People generally agree that the Russians have for at least three years been election hacking, notably in the US 2016 presidential election, but also in other parts of the world, as well as in important votes such as the UK referendum on Brexit. What happened in the US election was substantiated as early as in a January 2017 by a report from US intelligence agencies, and as recently as March 2019 by the Mueller Report. These reports, and the landmark 2018 book Cyberwar by Professor Kathleen Hall Jamieson, assert convincingly that this interference did in fact help to elect Donald Trump.
Key aspects of the hacking included sewing discord among Black and Hispanic voters, and suppressing the vote of constituencies viewed as likely to support Hillary Clinton.
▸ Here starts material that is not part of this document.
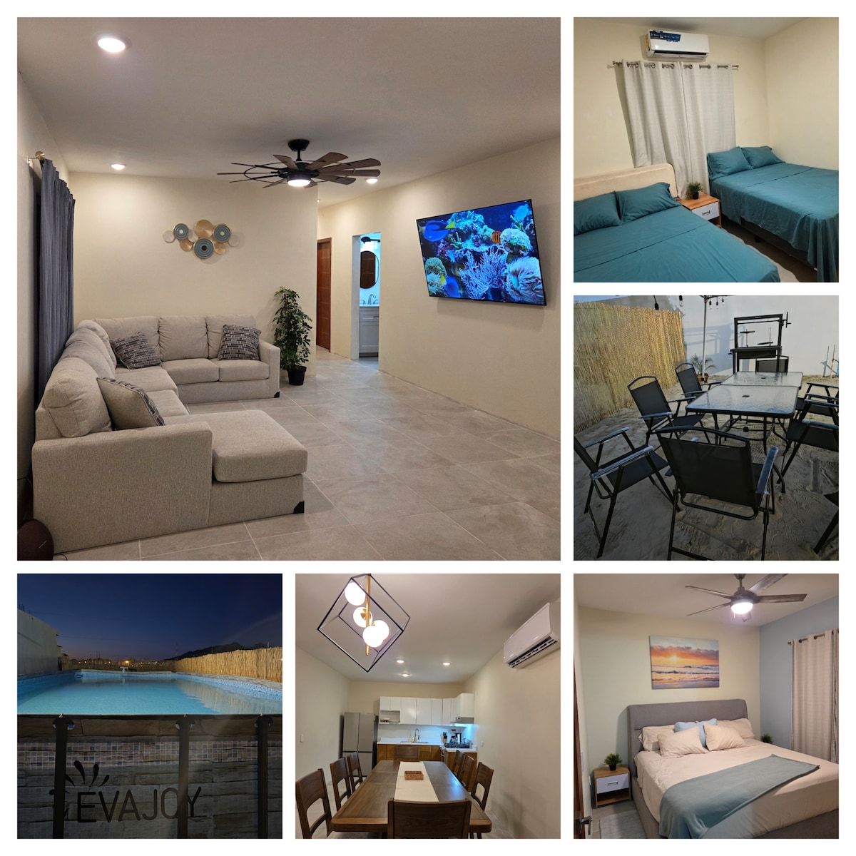 Uživajte u ovoj kući od 70 m2, idealnoj za one koji traže zaseban prostor. Ima kuhinju, dnevni boravak, 2 spavaće sobe i 1 kupatilo. Opustite se u spoljnoj trpezariji sa roštiljem. Prostor za dva automobila u sklopu objekta i još mnogo toga napolju. Samo 400 metara od benzinske stanice, Oxxo, 7Eleven, ispred Dunasa i 980m od plaže (15 minuta hoda), tako da u svakom trenutku možete uživati u moru i suncu. Savršeno za udoban boravak i blizu svega što vam je potrebno, ali daleko od buke
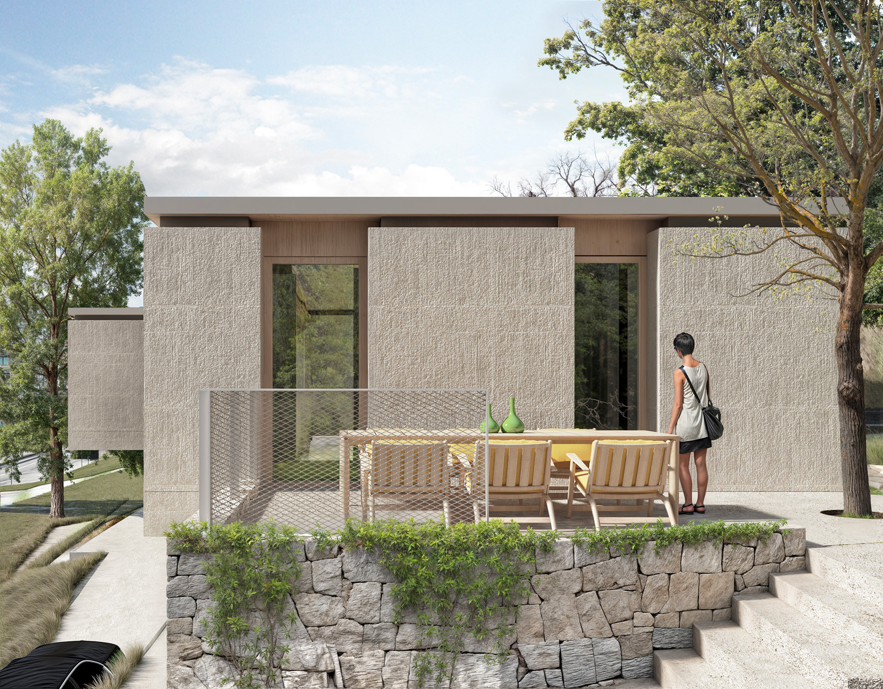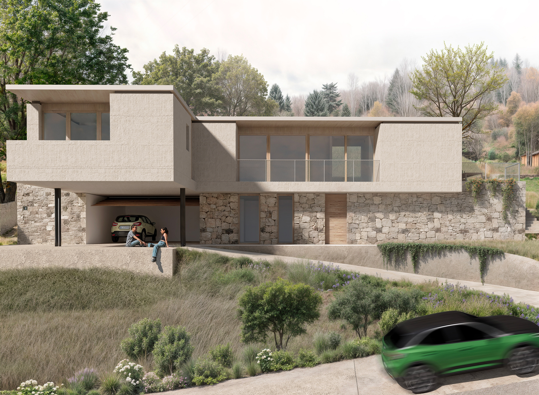 Guiding the design are the quiet presence of natural materials, environmental quality, and a vision of living that is intimate and unhurried, in constant connection with light, earth, and the passing of time. The stone and exposed concrete base anchors the building to the ground, while the elevated structure, made of wood and metal cladding, unfolds lightly and openly toward the exterior.

This was done in great part through a social media campaign of messages that seemed to come from typical US citizens and voters.
Yet we have only seen the tip of the iceberg. A new and chilling threat to democracy and to the role of reason in public affairs is the deep fake video.
An early example, putting words apparently into the mouth of President Obama, was created by the filmmaker Jordan Peele is 2018. A recent example is a video in which the simple technique of slowing down the voice of US House Speaker Nancy Pelosi makes it look like she is slurring her speech. Donald Trump and is his attorney, the former Mayor of New York City Rudolph Giuliani, have sought to employ this visual forgery for political advantage. The implications of such technology are chilling, as good people can appear to say hateful things, and bad people can be made to appear reasonable.
There are three aspects to such technology. Making synthetic animated characters move their lips properly in synch with speech has been under development for over 50 years, and is now routine. Creating synthetic photographs that cannot be distinguished for real images is now also possible. Recent methods use deep learning to produce images striking in their verisimilitude. Having synthetic representations of humans come to life in ways that capture expressions and timing — the determination on someone’s face, the glint in his or her eye, the sparkle in a smile — and to do this in a way that reflects apparent emotions and that accurately captures someone’s essence — has not yet been achieved. Yet scientists using AI, computer graphics, and digital image processing have almost achieved this, especially in cases where you don’t know precisely what someone looks like, or you are not intimately familiar with their facial expressions or how they speak, or when you want to believe that what you are seeing is real.
Although lying with pictures has been done almost since the dawn of photography, there has recently been rapid progress in improving the quality of what some have called “photorealistic talking heads”, as well as creating full-body avatars that look and move like real and specific individuals. Even the Pentagon is worried, and has created the Medifor program, in order to “level the digital imagery playing field, which currently favors the manipulator, by developing technologies for the automated assessment of the integrity of an image or video and integrating these in an end-to-end media forensics platform”.
But the research cannot succeed fast enough. Hence, in the 2020 U.S. campaign, and likely in campaigns in other parts of the world, devious and destructive text messages from apparent citizens will likely be accompanied by video messages that seem to come from the mouths of well-known politicians. Election hacking will increase and be even more threatening with this scary new technology.
FOR THINKING AND DISCUSSION
What principles and language would you use to draft a law intended to address this situation?